* _Source material_:
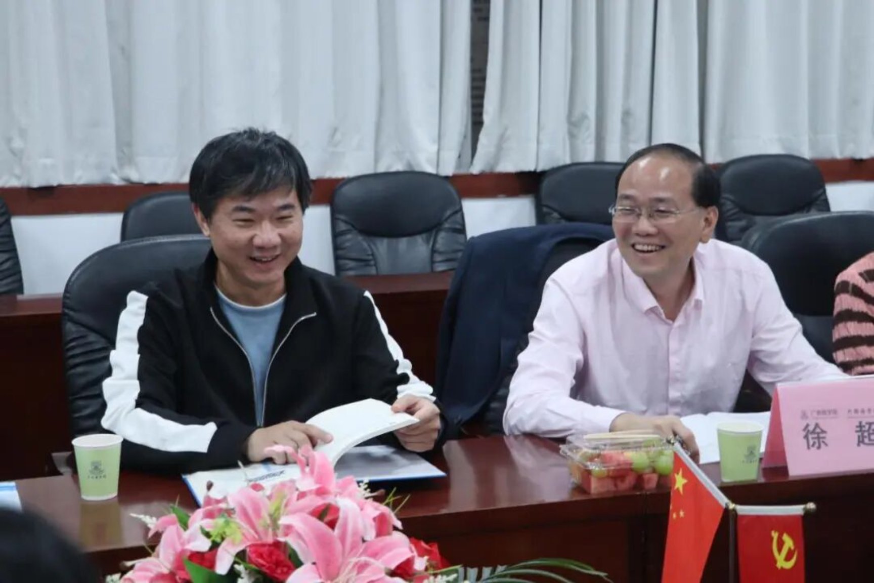 在308会议室的座谈会上,校友与当年的老师围坐一堂。校友会执行会长、校友办主任翁楚歆就校友会建设与发展、母校发展与规划情况作介绍,外国语学院党总支书记徐超就学院专业建设、师资力量、校企合作等情况向校友作分享。
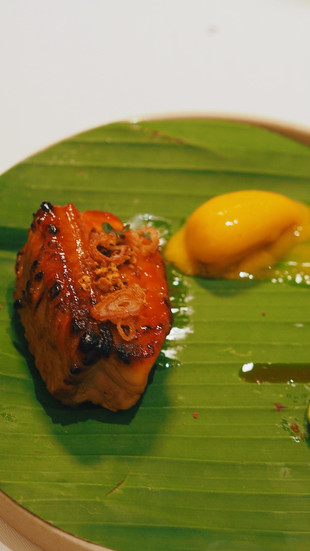 再后是Chef Don John演绎的蕉叶烧蒲鱼。蒲鱼涂上罗望子烧烤釉汁,撒上一些花生碎和炸葱头增加香气和口感。边旁是同款的糖渍花生酱,授自主厨母亲的青柠娘惹杂菜(lime acar),便配一剂青柠汁。最后佐一笔酸凉的青芒果雪葩,完整地平衡这道菜强烈的咸甜焦香。主厨建议将盘上每一个元素逐一食用;再将鱼肉、雪葩和花生酱一同送入口中,以达理想口感。
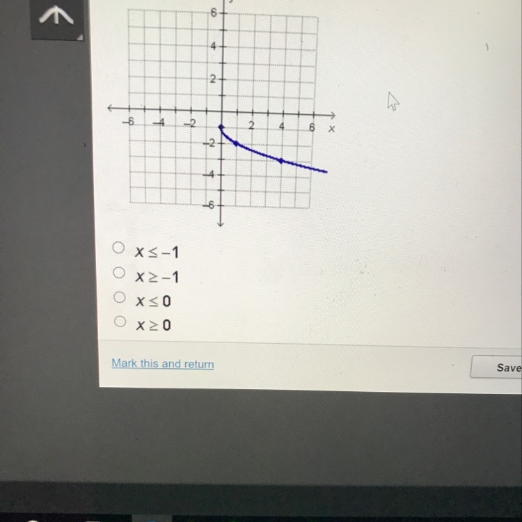 The graph indicates that x never goes below 0. This means the point (-1,0) is not included in the graph. Therefore, D is the only valid option.
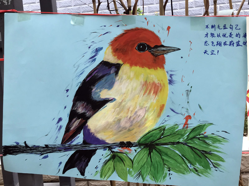 此次自画像以自我意识为主题和前提,要求同学们以动物为自我形象作画,不限于真实或想象中动物。同学们从对自己的认识出发,纷纷绘制了生动有趣、想象力丰富的动物形象。有孤傲高冷的狼,活泼可爱的猫咪兔子,也有动漫中细腻形象的神兽等,其神情姿态跃然于纸上,充分展现了同学们多姿多彩的内心世界,各不相同的性格特点。绚丽灿烂、栩栩如生的画展作品,吸引着路过的师生驻足观赏,也为校园增添了一道靓丽的风景线

* _Your objective_:
An exact, picture-free copy of the listing above is the goal; write it out now.

* _Finished exercise_:
 在308会议室的座谈会上,校友与当年的老师围坐一堂。校友会执行会长、校友办主任翁楚歆就校友会建设与发展、母校发展与规划情况作介绍,外国语学院党总支书记徐超就学院专业建设、师资力量、校企合作等情况向校友作分享。
 再后是Chef Don John演绎的蕉叶烧蒲鱼。蒲鱼涂上罗望子烧烤釉汁,撒上一些花生碎和炸葱头增加香气和口感。边旁是同款的糖渍花生酱,授自主厨母亲的青柠娘惹杂菜(lime acar),便配一剂青柠汁。最后佐一笔酸凉的青芒果雪葩,完整地平衡这道菜强烈的咸甜焦香。主厨建议将盘上每一个元素逐一食用;再将鱼肉、雪葩和花生酱一同送入口中,以达理想口感。
 The graph indicates that x never goes below 0. This means the point (-1,0) is not included in the graph. Therefore, D is the only valid option.
 此次自画像以自我意识为主题和前提,要求同学们以动物为自我形象作画,不限于真实或想象中动物。同学们从对自己的认识出发,纷纷绘制了生动有趣、想象力丰富的动物形象。有孤傲高冷的狼,活泼可爱的猫咪兔子,也有动漫中细腻形象的神兽等,其神情姿态跃然于纸上,充分展现了同学们多姿多彩的内心世界,各不相同的性格特点。绚丽灿烂、栩栩如生的画展作品,吸引着路过的师生驻足观赏,也为校园增添了一道靓丽的风景线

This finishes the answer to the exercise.